Lyseng Church (Lyseng Kirke) is a church in Aarhus, Denmark. The church is situated in the Højbjerg neighborhood in on Bushøjvej by Ring 2 in the southern suburbs of Aarhus. Lyseng Church is a part of the Church of Denmark, the Danish state church, and is a shared secondary church to Holme Parish and Skåde Parish, officially under Holme pastorate along with Holme Church.

Lyseng Church is an expansion of the former Eastern Chapel (Østre Kapel) which had sat unused on the site for 40 years. Holme and Skåde Parish are two of the largest parishes in the Diocese of Aarhus, each with some 11.000 parish members, and the diocese planned to split the parishes.
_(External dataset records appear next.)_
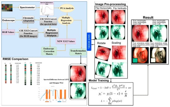 HSI is an emerging medical imaging technique that captures and processes information across the electromagnetic spectrum, providing detailed spectral and spatial data about biological tissues. HSI operates by acquiring images at numerous narrow wavelength bands, producing a three-dimensional dataset—known as a hypercube—with two spatial dimensions (X and Y) and one spectral dimension (λ) PMC [21]. The HSI device captures images with hundreds of spectral bands, and this rich spectral information enhances the contrast differentiation between normal and abnormal tissues, thus actually facilitating better detection and diagnosis. The primary HSI acquisition methods can be classified into spectral scanning, spatial scanning, and snapshot techniques. Spectral scanning captures images sequentially at different wavelengths. In contrast, spatial scanning acquires spatial information line by line across the scene, while snapshot techniques capture the whole spectral and spatial information in one exposure for real-time imaging [22,23]. For instance, the study used HSI with deep learning (DL) to accurately identify the geographical origins of Lycium barbarum L. (L. barbarum, Goji berry), 97.79% accuracy was achieved with improvements of 4.41% and 5.14% [24]. Another work shows that contact-free HSI has potential utility as a novel tool for free real-time monitoring of human pancreatic grafts, which could improve the outcome of pancreas transplantation [25]. However advantageous these methods may be, they mostly require costly, specialized equipment like advanced cameras and accurate calibration systems, which becomes even more difficult to afford and complex to run in a clinical environment [26]. For this issue, NBI was developed as an alternative that is far more suitable for practical applications. NBI utilizes specific wavelength bands to enhance the visualization of mucosal and vascular patterns without the need for complex instrumentation [27]. It makes use of a specific narrow spectrum of light blue (415 nm) to green (540 nm), which has a power penetrating superficial layers of mucosa [28]. This increases superficial tissue contrast, assisting in the detection of lesions through light filtration within narrow bands. Recent developments make it possible to produce endoscopic NBI-like images from regular WLI by way of hyperspectral data, which improves NBI-like image quality and diagnostic accuracy during endoscopic procedures [29,30]. A study that focuses on describing sinonasal mucosa under white light and NBI of 103 patients (82 evaluated) with 29 sinonasal pathologies and 55 controls (33 evaluated), 80.6% vs. 90.6% specificity, and 53% vs. 80.3% accuracy was calculated for both WLI and NBI consecutively [31]. Hence, in this study, NBI has been coupled with HSI to selectively augment certain spectral bands, creating a contrast enhancement for the identification of colorectal diseases and esophagitis in earlier stages. Using the SAVE model, this work will also train various ML algorithms applied to the dataset so as to create an effective system for the detection and prevention of precancerous and inflammatory conditions. The WLI images from the dataset have been SAVE-transformed to allow future training and analysis. NBI and hardware-driven HSI endoscopy can improve contrast, but they require specialized equipment and come with high costs and integration problems. Researchers have looked into methods that are only based on software, but they haven’t fully studied them in a rigorous way to predict spectrum standardization or a multi-type disease of GI cancer. In this study, using a software-only SAVE to fill in this gap is suggested. It uses standard WLI to create HSI-inspired images, adds a PCA and regression-based calibration to maintain clinical spectral characteristics, and works with deep learning classifiers to give a correct diagnosis of GI disease in four categories.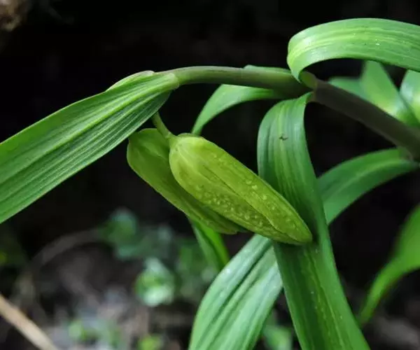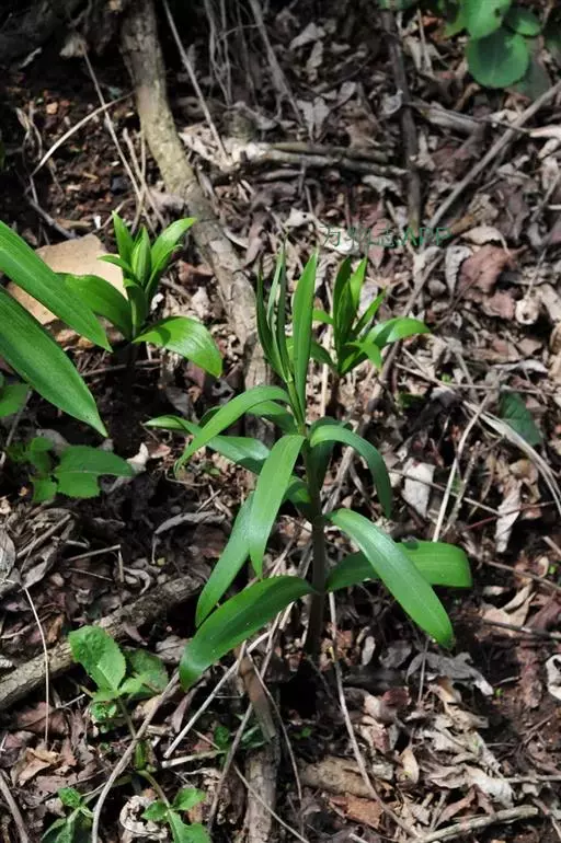 植株长45-60厘米。鳞茎由2枚鳞片组成,直径约2厘米。叶通常对生,有时兼有散生或3叶轮生的,矩圆状披针形至披针形,长10-12厘米,宽1.5-2.8(-4.5)厘米,先端不卷曲。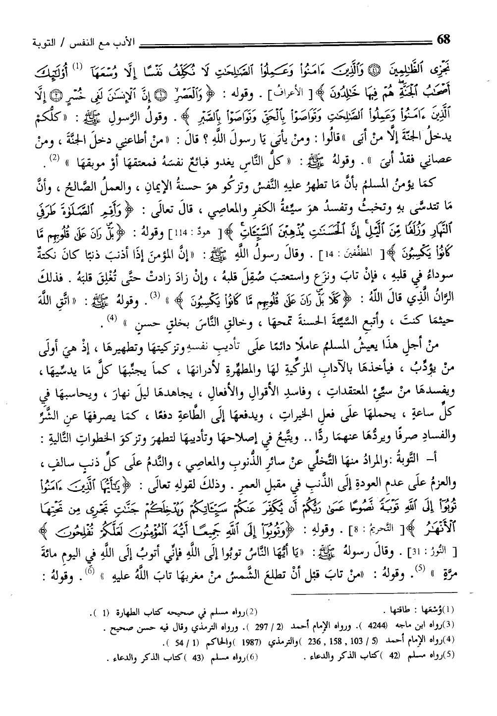 1- التَّوبةُ: والمرادُ منهَا التَّخلِّي عنْ سائرِ الذنوبِ والمعاصِي، والنّدمُ علَى كل ذنبٍ سالفٍ، والعزمُ علَى عدمِ العودةِ إلَى الذّنبِ فيِ مقبلِ العمرِ. وذلكَ لقولهِ تعالَى: {يَا أَيُّهَا الَّذِينَ آمَنُوا تُوبُوا إِلَى اللَّهِ تَوْبَةً نَصُوحًا عَسَى رَبُّكُمْ أَنْ يُكَفِّرَ عَنْكُمْ سَيِّئَاتِكُمْ وَيُدْخِلَكُمْ جَنَّاتٍ تَجْرِي مِنْ تَحْتِهَا الْأَنْهَارُ} [التحريم: 8] . وقولهِ: {وَتُوبُوا إِلَى اللَّهِ جَمِيعًا أَيُّهَ الْمُؤْمِنُونَ لَعَلَّكُمْ تُفْلِحُونَ} [النور: 31] . وقالَ رسولهُ - صلى الله عليه وسلم -: "يَا أيها النَّاسُ توبُوا إلَى اللَّهِ فإنِّي أتوبُ إلَى اللَّهِ في اليومِ مائةَ مرةٍ" (¬5) . وقولهُ: "منْ تابَ قبل أنْ تطلعَ الشَّمسُ منْ مغربهَا تابَ اللَّهُ عليهِ" (¬6) . وقولهُ: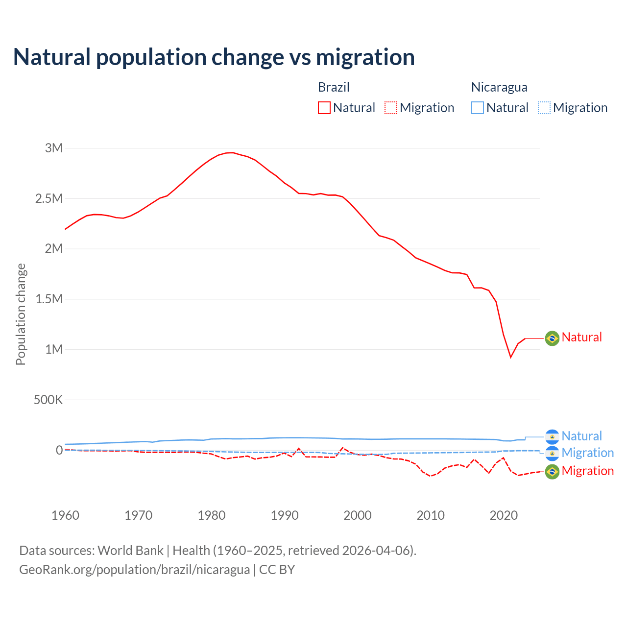 Over the last 10 years, 89.1% of the population change in Brazil is from natural causes (a gain of 14,004,164 people) and 10.9% is from migration (a loss of 1,708,894 people). In Nicaragua 85.5% is from natural causes (a gain of 1,017,084 people) and 14.5% is from migration (a loss of 172,078 people).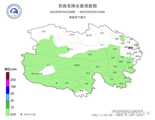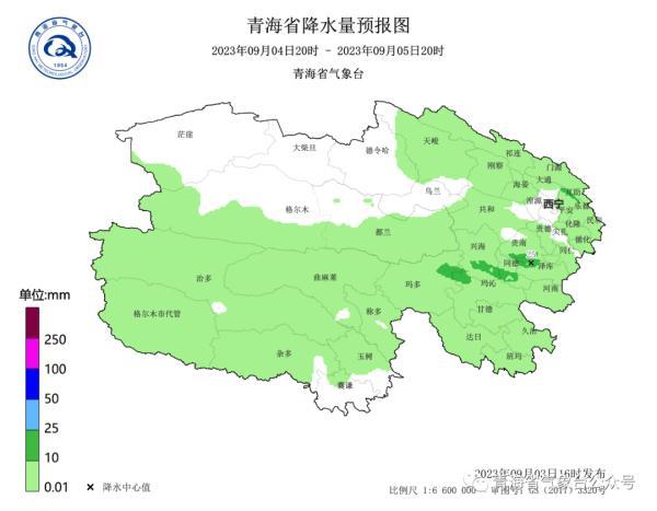 9月4日20時~9月5日20時:西寧北部、海東、海北、海西東部、海南大部、黃南大部、玉樹大部、果洛有小雨或陣雨,其中互助、貴南、同德、興海、澤庫、瑪多、瑪沁的部分鄉鎮有中雨,省內其余地區晴或多云。
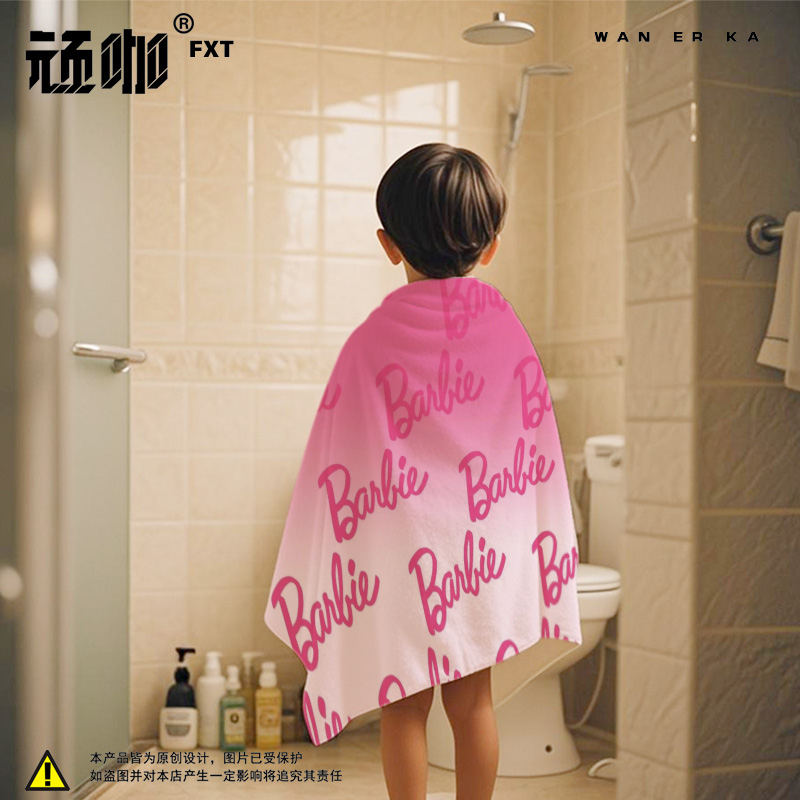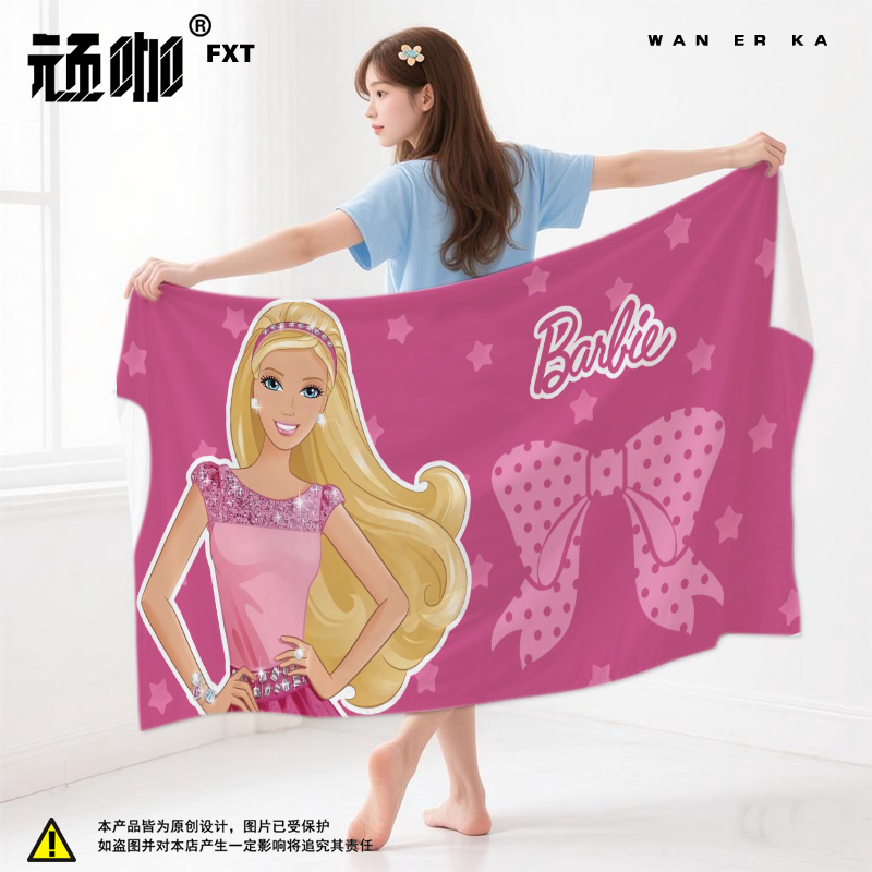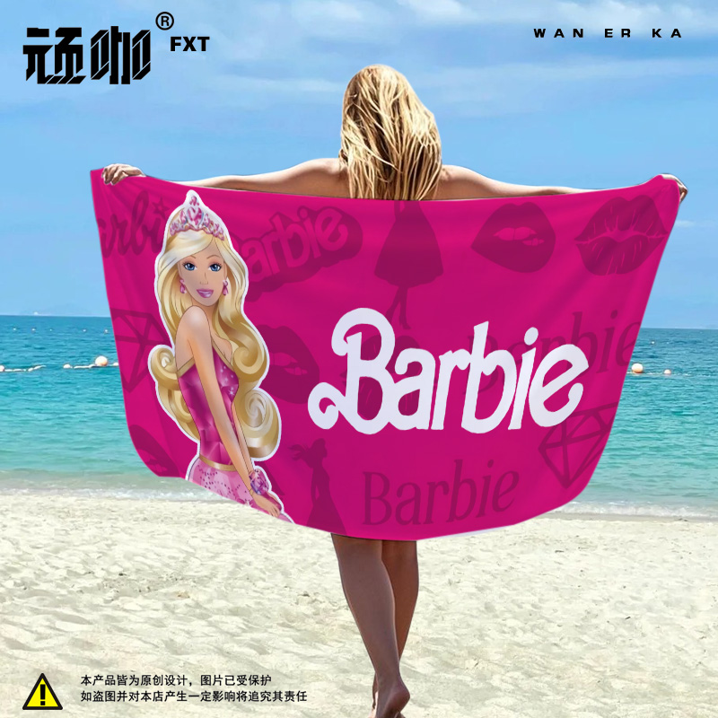 粉色芭比简约少女梦幻儿童毛巾浴巾沙滩游泳巾防晒长披肩海边沙滩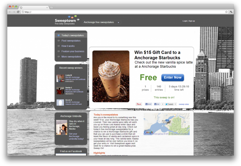 Бесплатный тотализатор, который предлагает лучшие цены и бесплатные предложения от местных отелей, баров, ресторанов, театров, кино и других мест. Здесь можно зарегистрироваться и выиграть скидки от местных заведений. Chicago, U.S.
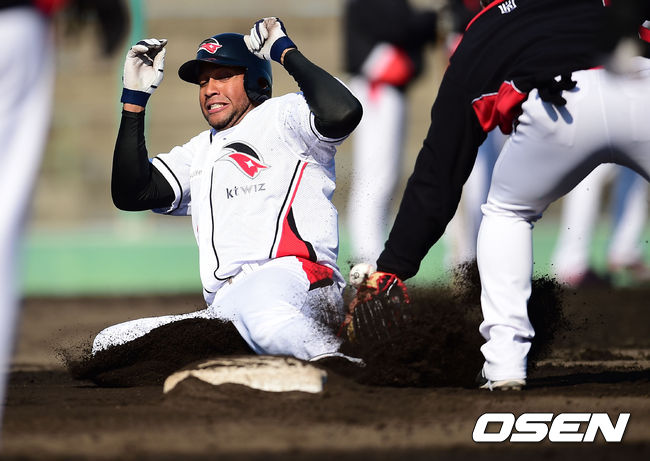 31일 kt위즈의 스프링 캠프가 차려진 일본 미야자키(宮崎)현 휴가(日向)시의 오쿠라가하마 구장에서 kt위즈 마르테가 슬라이딩 연습을 하고 있다.
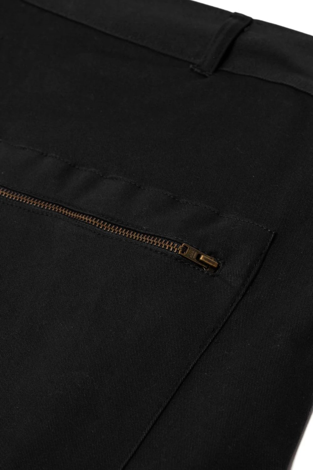 - Zip pocket above left leg bellow pocket with antique silver finish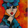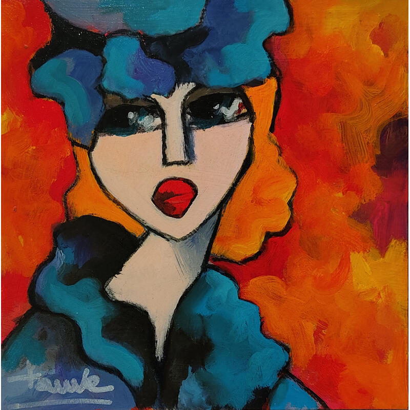 This unique and original contemporary artwork "Rousse au chapeau bleu" on the subject of Life style has been created by the contemporary artist Fauve.
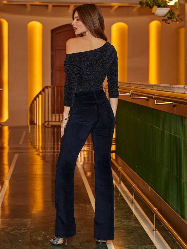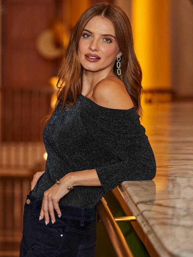 Легкая блузка от Sosandar. С открытыми плечами и рукавами три четверти, она украшена сверкающими металлическими деталями. Идеальный вариант для вечеров, наполненных весельем.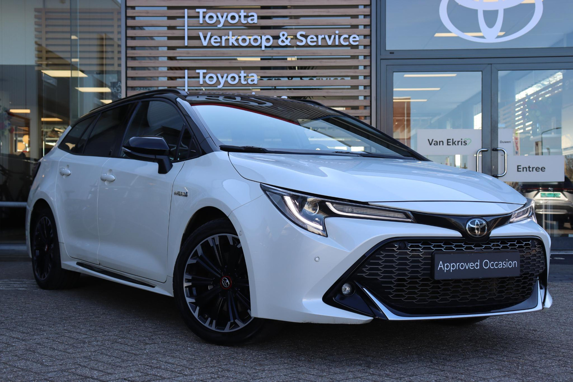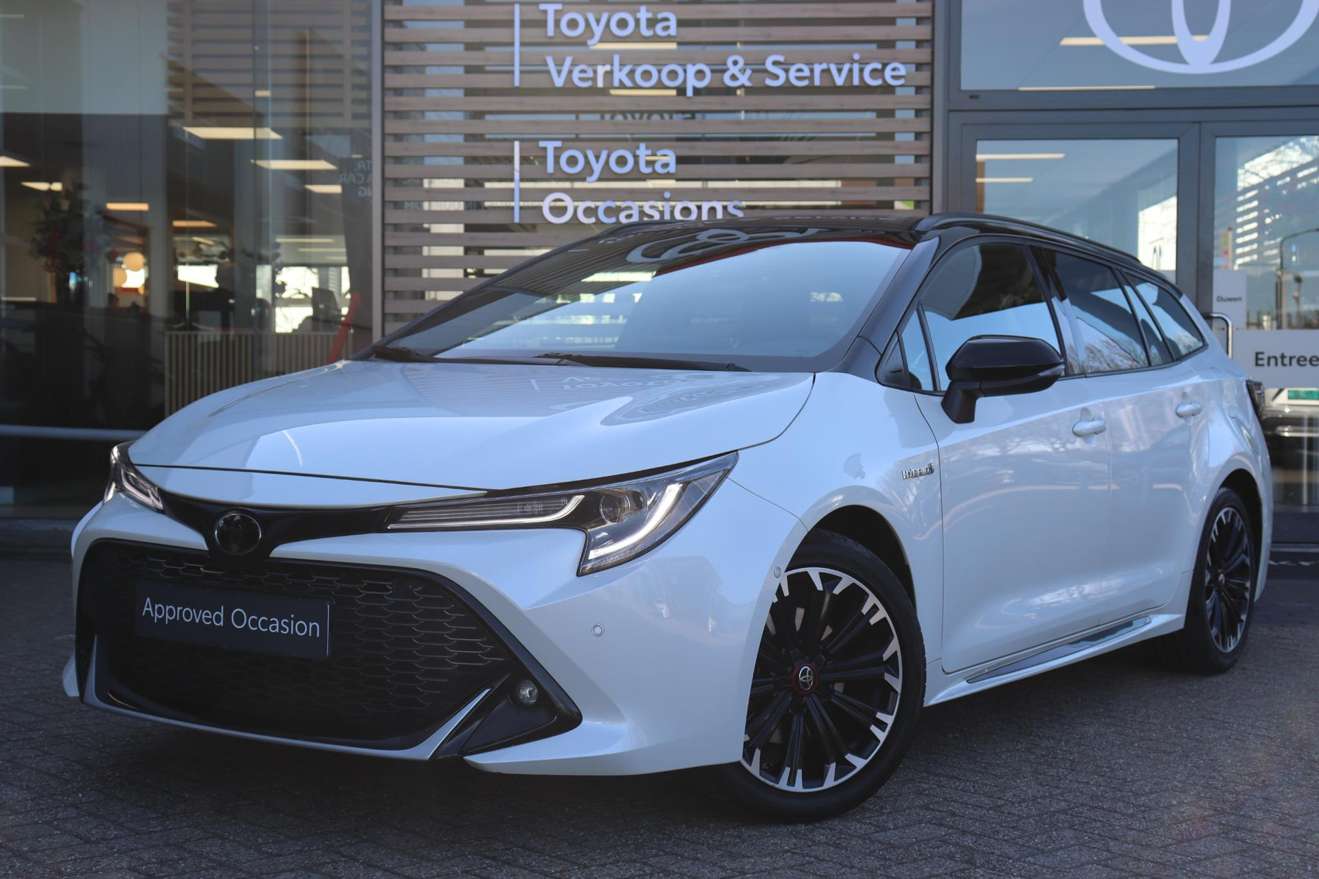 Deze Toyota Corolla Touring Sports 2.0 Hybrid in de keur Pearl White/Zwart dak. De Corolla Touring Sport is uitgerust met onder andere Apple carplay/Android Auto, DAB radio, Adaptive Cruise Control, Keyless Start/Entry, LED verlichting,  parkeersensoren voor en achter, sportstoelen, en nog veel meer!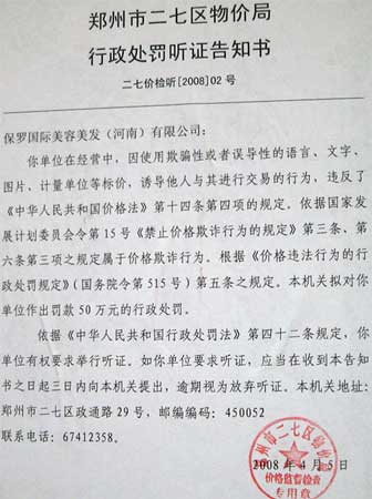 告知書上稱,“你單位在經(jīng)營(yíng)中,因使用欺騙性或者誤導(dǎo)性的語言、文字、圖片、計(jì)量單位等標(biāo)價(jià),誘導(dǎo)他人進(jìn)行交易的行為,違反了《價(jià)格法》第十四條第四項(xiàng)的規(guī)定,屬于價(jià)格欺詐行為……本機(jī)關(guān)擬對(duì)你單位作出罰款50萬元的行政處罰。”
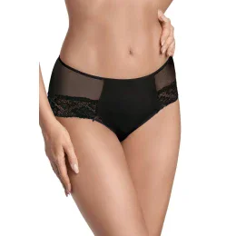 Klasické vysoké kalhotky 029 Ewana - černá barva - klasický střih - jsou na bocích plnější - jsou vyrobené z hladkého mikrovlákna, jemné tylové síťoviny a z efektní krajky s květinovým motivem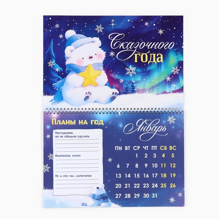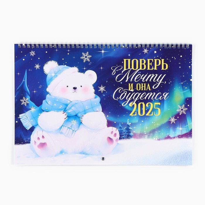 Календарь 2025 настенный, на спирали «Новый год: Белый мишка», 34 х 24 см

The parish councils objected to the plan and instead suggested the creation of a third church in order to lessen the burden on the existing churches. The decision was made in 2007 in a joint agreement between the two parishes and the diocese and the restoration was completed in 2010 with the first sermon being held in February of that year.

The original chapel was constructed in 1913 in Romanesque style, with a base of natural stone and a superstructure of brick. The chapel was built between the villages of Holme and Skåde to serve a joint cemetery. In 1951 the chapel was made redundant when Holme Church got its own cemetery and services at the chapel was reduced until it was eventually closed down entirely.